Quadratic Interpolation
Name: "quadratic"
- class time_stream.infill.QuadraticInterpolation(**kwargs)[source]
Quadratic spline interpolation (Convenience wrapper around B-spline with order=2). https://docs.scipy.org/doc/scipy-1.16.1/reference/generated/scipy.interpolate.make_interp_spline.html
Initialize quadratic interpolation.
Quadratic Interpolation
Name: "cubic"
- class time_stream.infill.CubicInterpolation(**kwargs)[source]
Cubic spline interpolation (Convenience wrapper around B-spline with order=3). https://docs.scipy.org/doc/scipy-1.16.1/reference/generated/scipy.interpolate.make_interp_spline.html
Initialize cubic interpolation.
Akima Interpolation
Name: "akima"
- class time_stream.infill.AkimaInterpolation(**kwargs)[source]

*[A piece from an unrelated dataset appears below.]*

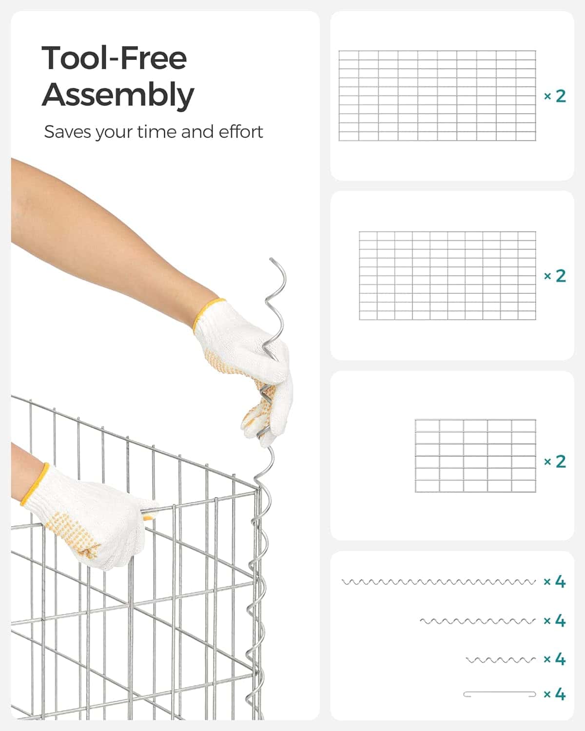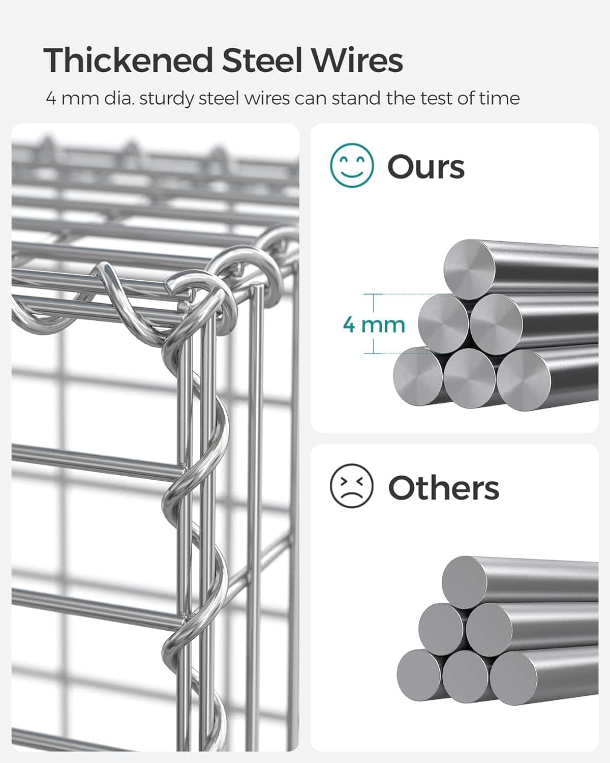 Realizat din otel galvanizat cu diametrul de 4 mm, acest cos gabion este solid, rezistent la rugina si coroziune pentru a va impodobi gradina sezon dupa sezon.Nu este nevoie de scule pentru a asambla aceasta cusca de gabioane metalice! Pur si simplu aliniati grilele adiacente si rasuciti tijele in spirala pentru a le lega impreuna, apoi cosul gabion este gata de utilizare.
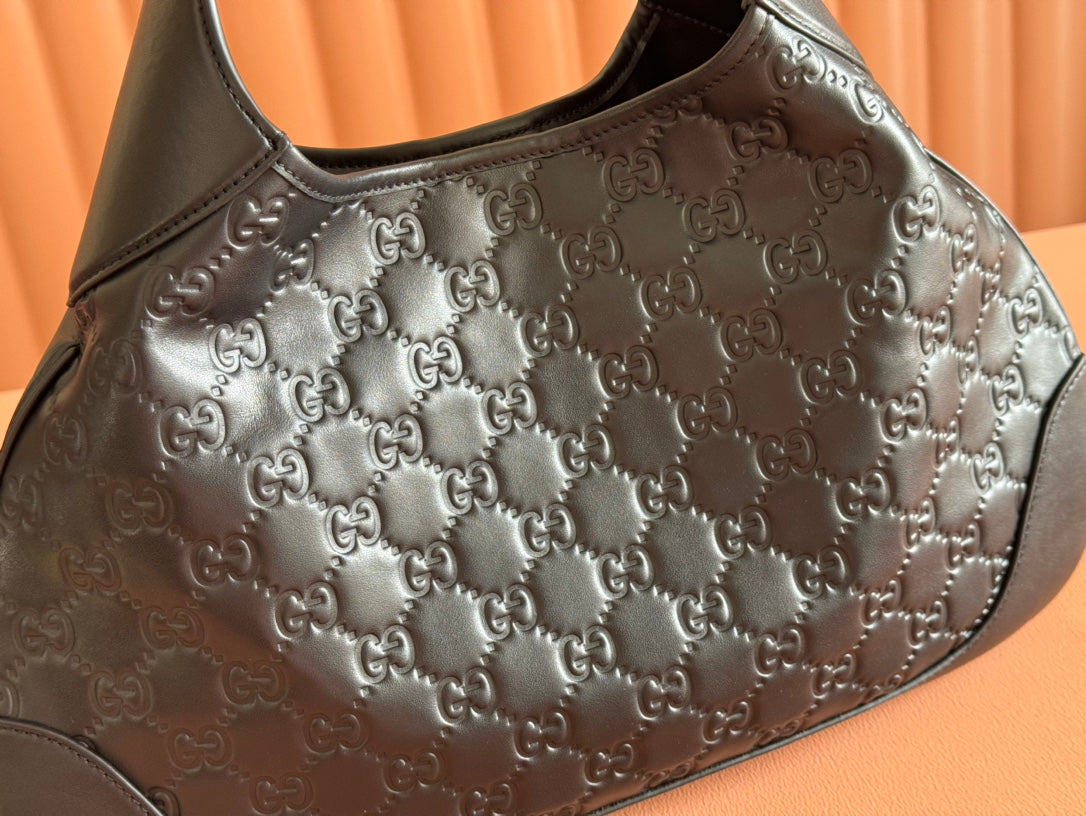 Gucci Body Double Lock Handbag Black Embossed Leather 248137

Akima interpolation using scipy (good for avoiding oscillations). https://docs.scipy.org/doc/scipy-1.16.1/reference/generated/scipy.interpolate.Akima1DInterpolator.html
Initialize a scipy interpolation method.
- Parameters:
**kwargs – Additional parameters passed to scipy interpolator method.
PCHIP Interpolation
Name: "pchip"
- class time_stream.infill.PchipInterpolation(**kwargs)[source]
PCHIP interpolation using scipy (preserves monotonicity). https://docs.scipy.org/doc/scipy-1.16.1/reference/generated/scipy.interpolate.PchipInterpolator.html
Initialize a scipy interpolation method.
- Parameters:
**kwargs – Additional parameters passed to scipy interpolator method.